Ao mesmo tempo, faz-se necessária uma mudança nos instrumentos de avaliação, deslocando o foco do produto final para o processo: como o estudante busca, seleciona e interpreta informações em ambientes digitais. Para viabilizar essa transformação, é essencial oferecer formação contínua aos professores e tempo pedagógico dedicado à mediação de ferramentas e algoritmos.

Na mesma linha, decisões políticas devem valorizar a autonomia intelectual acima do mero uso funcional da tecnologia, alocando recursos para combater desigualdades estruturais de escolaridade, como renda, cor e território e garantir acesso equitativo a equipamentos e conectividade. É fundamental nos preocuparmos com o risco de a inteligência artificial ser usada como muleta por quem carece de base sólida em leitura e escrita, o que enfatiza a necessidade de fortalecer, concomitantemente, as habilidades tradicionais e digitais numa estratégia integrada.

A adaptação do sistema educacional

O INAF 2024, portanto, não serve apenas como diagnóstico, mas como um sinal de que é preciso repensar métodos e critérios, de modo que “competência” passe a englobar também a capacidade de atuar com autonomia, criticidade e segurança no ambiente digital.
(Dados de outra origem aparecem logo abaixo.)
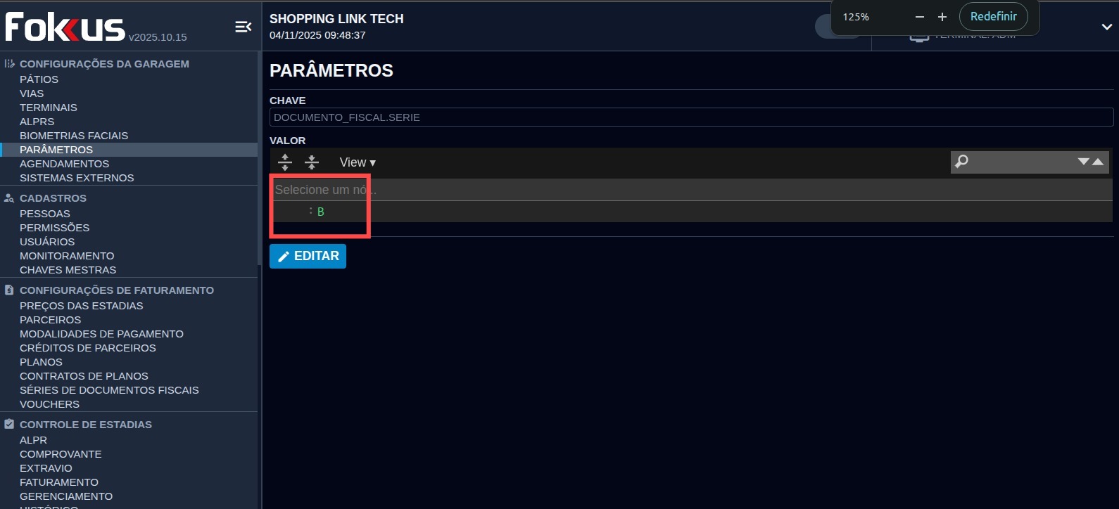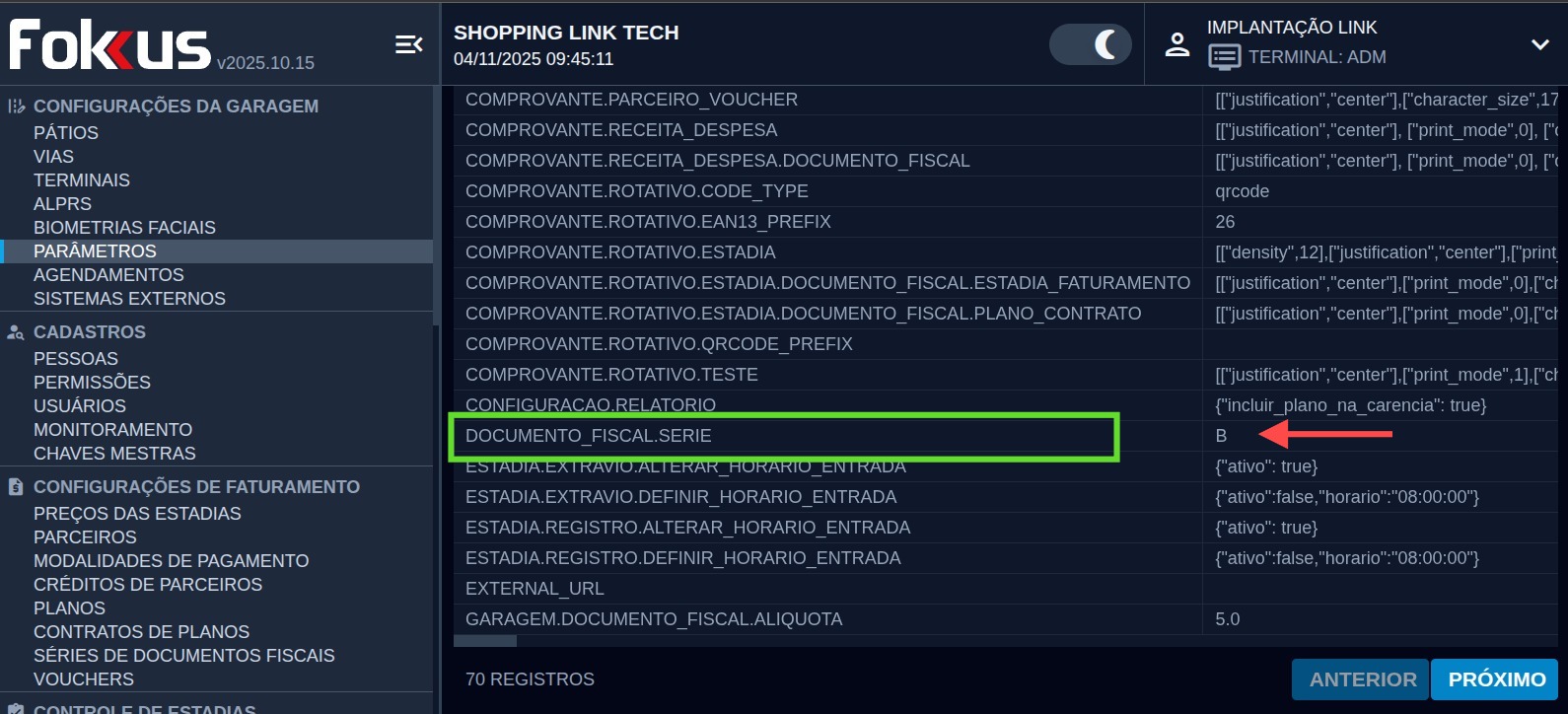 - Em caso de alteração do código da série, será atualizado automaticamente em PARÂMETROS

As informações geradas por essa pesquisa reforçam a urgência de revisar políticas educacionais e currículos, incorporando de forma estruturada as competências digitais ao lado do letramento e do numeramento.

O sistema educacional já sinaliza um movimento de adaptação a essas demandas. No Brasil, o Sistema de Avaliação da Educação Básica (SAEB) avançou, por exemplo, com o alinhamento à Base Nacional Comum Curricular (BNCC) e debates do Ministério da Educação sobre competências digitais. Como a avaliação é o principal motor de mudança nas redes de ensino, essas alterações têm o poder de redefinir o que se ensina em sala de aula.

Internacionalmente, o PISA (Programme for International Student Assessment/OCDE) passou a avaliar competências digitais em 2025. Daqui a quatro anos, em 2029, o programa vai incluir o letramento em mídia e inteligência artificial, cobrando habilidades como navegar com consciência, verificar credibilidade e compreender geradores de texto.

Fato é que o letramento deve ser um projeto de futuro, unindo leitura, escrita e cálculo com a cidadania digital. Isso significa repaginar currículos, dar voz e tempo aos professores na mediação de novas tecnologias, e articular avaliações capazes de revelar não só o produto final, mas a maneira como o estudante navega, critica e constrói conhecimento no mundo online. É preciso investir em políticas públicas que garantam acesso real a equipamentos e conexão, ao mesmo tempo em que valorizam o esforço cognitivo e cultural de cada aprendiz. Só assim deixaremos de perpetuar desigualdades para educar e formar cidadãos críticos, autônomos e preparados para atuar tanto no papel quanto no mundo digital, um dos maiores desafios do século XXI.